The Supreme Judicial Court today better defined just what sort of property a religious organization can claim a tax deduction on - and wildlife sanctuaries and buildings entirely rented out to non-religious groups are not included - but cafeterias and gift shops can be.

The ruling comes in an appeal by the Shrine of Our Lady of La Salette, which objected to the Attleboro board of assessors demanding $92,292.98 in taxes be paid in 2012 on 110 acres of land on which the Mass. Audubon Society has an easement, a former convent now rented to a safe house for battered women, a shrine welcome center and a shrine storage building

The assessors ruled the shrine was only entitled to a partial abatement on the welcome center in part because it included a cafeteria and gift shop and because the shrine sometimes rented the hall out to local groups.

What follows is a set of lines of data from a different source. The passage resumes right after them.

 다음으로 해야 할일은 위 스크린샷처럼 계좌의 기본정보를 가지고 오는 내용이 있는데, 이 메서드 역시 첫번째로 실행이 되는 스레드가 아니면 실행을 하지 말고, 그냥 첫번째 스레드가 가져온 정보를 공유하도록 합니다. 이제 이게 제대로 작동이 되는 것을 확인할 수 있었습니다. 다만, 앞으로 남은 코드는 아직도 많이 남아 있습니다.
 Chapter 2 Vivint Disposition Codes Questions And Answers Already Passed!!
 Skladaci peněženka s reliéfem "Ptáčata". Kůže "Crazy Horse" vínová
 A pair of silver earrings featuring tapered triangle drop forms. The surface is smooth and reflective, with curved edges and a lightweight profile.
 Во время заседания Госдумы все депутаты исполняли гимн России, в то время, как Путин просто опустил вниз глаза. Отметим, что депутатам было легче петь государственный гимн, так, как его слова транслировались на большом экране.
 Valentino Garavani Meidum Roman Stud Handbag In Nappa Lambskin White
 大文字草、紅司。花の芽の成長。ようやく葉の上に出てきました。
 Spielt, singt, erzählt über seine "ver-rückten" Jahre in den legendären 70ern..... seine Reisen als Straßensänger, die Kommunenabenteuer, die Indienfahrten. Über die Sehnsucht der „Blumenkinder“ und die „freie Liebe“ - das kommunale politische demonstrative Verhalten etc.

The state's highest court ruled that state law on what religious organizations can seek to exempt for taxation specifically bars land or facilities used for "purposes other than religious worship or instruction."

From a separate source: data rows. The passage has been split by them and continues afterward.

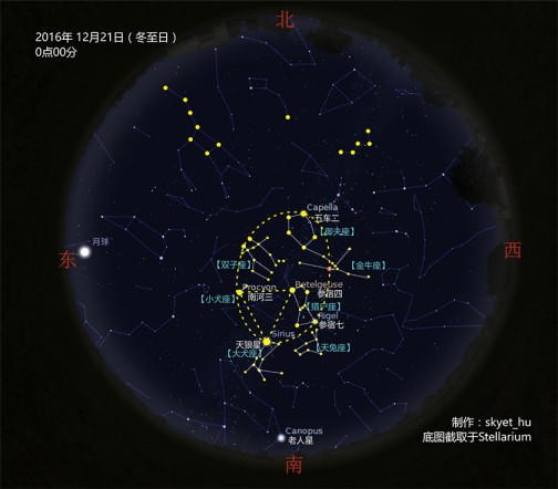冬天,是一年四季中亮星最多的季节,有不少星座都非常容易识别。最引人注目的,当然是高悬于南方天空的猎户座:夹在红色亮星参宿四(猎户座α星)和蓝白色亮星参宿七(猎户座β星)之间的三星(猎户座δ、ε、ζ)颇为吸引人。顺着三星向南偏东寻去,可找到全天最亮的天狼星(大犬座α星)。在参宿四的正东,另有一颗亮星南河三(小犬座α星)。参宿四、天狼星和南河三组成著名的“冬季大三角”。 [2]
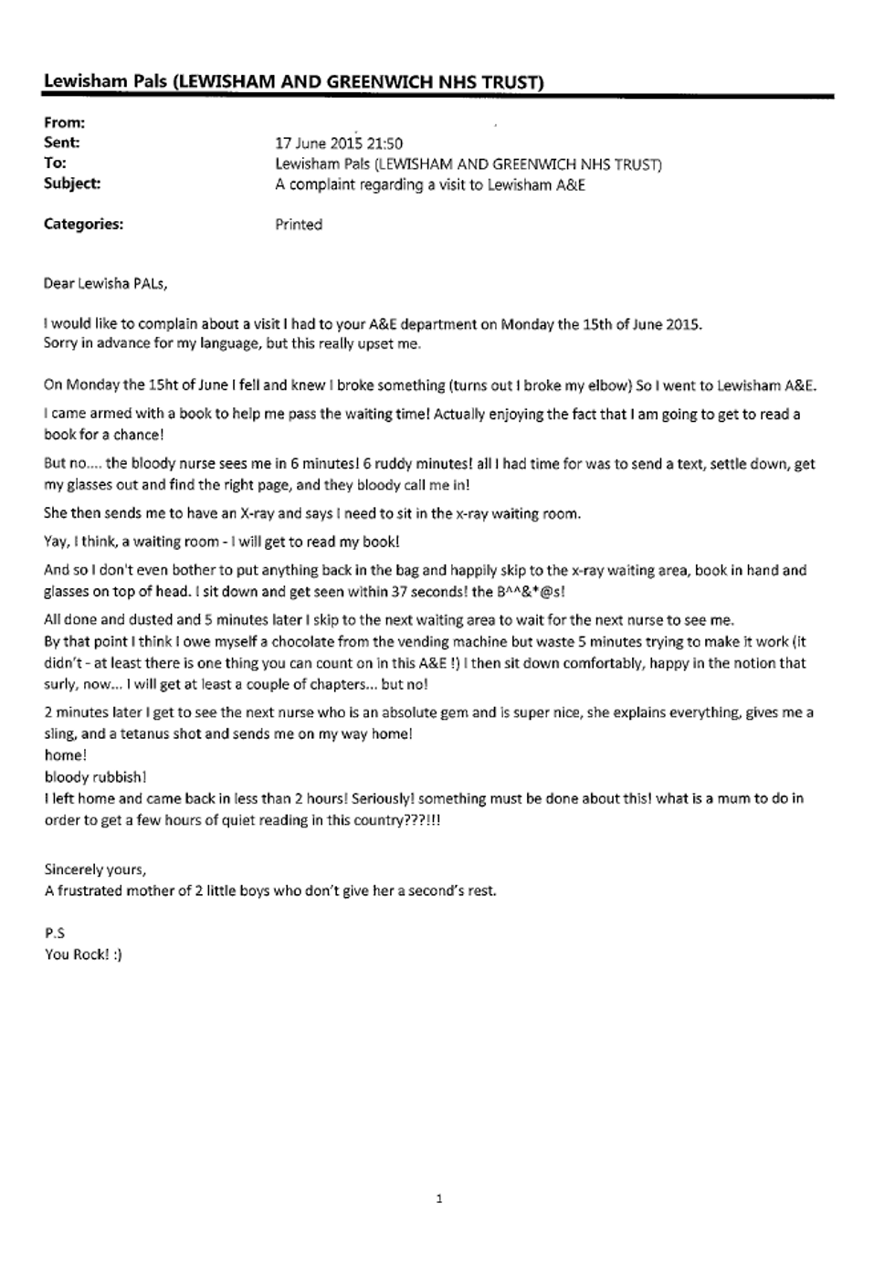 But the mother-of-two, an animator from south-east-London, was so disappointed with aspects of the care she received that she wrote to Lewisham and Greenwich NHS Trust's patient advice and liaison service.
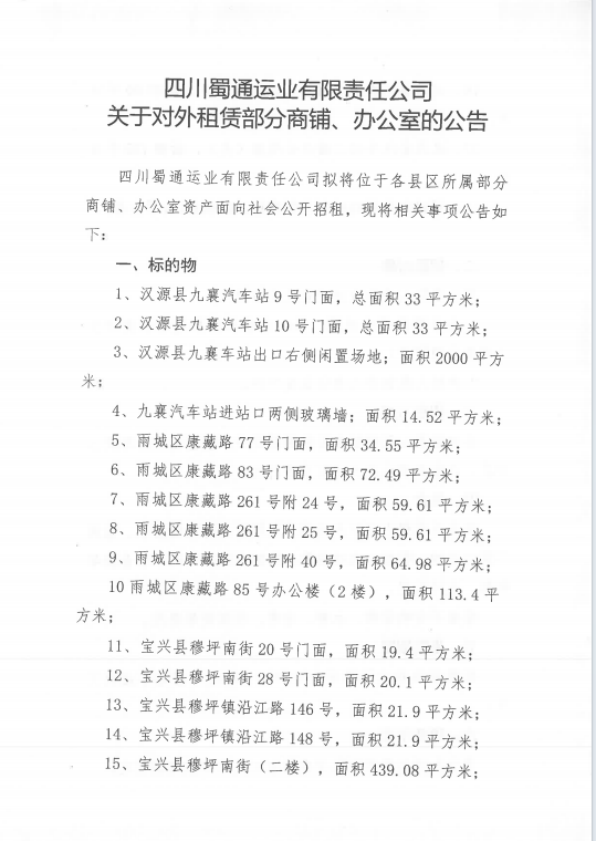 ËÄ´¨Êñͨß\(y¨´n)˜I(y¨¨)ÓÐÏÞØŸ(z¨¦)Èι«Ë¾êP(gu¨¡n)ÓÚŒ¦(du¨¬)Íâ×âÙU²¿·ÖéTÃæ¡¢Þk¹«ÊÒÙY®a(ch¨£n)µÄ¹«¸æ
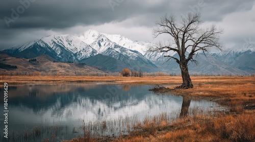Fototapeta premium Old tree stands at the edge of a lake with snowcapped mountains in the...
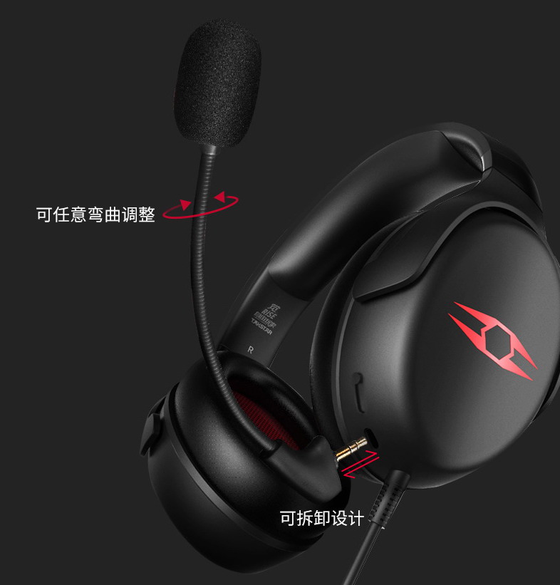 覺RISE采用可拆卸式的高靈敏降噪麥克風,方便摘取且拾音清晰自然,對話流暢,能保證游戲中與隊友的高效溝通,可彎曲的麥稈能任意調(diào)整,到玩家認為合適的角度。

Wildlife sanctuaries and buildings entirely rented to third parties for non-religious programs do not qualify, the court ruled - adding the shrine might be able to make a case for exemptions under clauses related to non-profit uses more generally.

While renting out a building to a safe house for battered women may be a noble cause and stem from the shrine's religious beliefs, the state law on religious exemptions focuses on "religious worship and instruction," and letting a third party rent a church building for a safe house does not fall under that, the court ruled, adding:

Had the Shrine timely filed the documents required under [the clause related to non-religious non-profit efforts], it might have obtained an exemption for the safe house.

The court used similar logic to side with assessors on the wildlife sanctuary, which the shrine said was a place for "ecospirituality" and religiously contemplative walks:

We appreciate that a wildlife sanctuary may be for some a spiritual sanctuary, much as working in a safe house may be for some the realization of a spiritual mission. But the Legislature did not intend either a wildlife sanctuary or a safe house, when used and operated as they were here, to qualify as a house of religious worship.

In contrast, the court ruled against Attleboro assessors on their decision to at least partially tax a welcome center and a storage building.

The welcome center, at which visitors to the shrine are shown a video about the shrine before visiting the shrine itself to pray or confess - after which they return to the welcome center for lunch in a cafeteria that also doubles as a soup kitchen - does qualify as being in use for religious purposes, the court said.

A video presentation about Our Lady of La Salette plainly is religious instruction. Pilgrims and visitors who spend hours at the Shrine need to eat and drink, so the cafeteria and bistro are "connected with" religious worship, and "accompany and supplement" the religious work of the Shrine by sparing pilgrims and visitors the need to bring their own food and drink or leave the Shrine in order to find it. ...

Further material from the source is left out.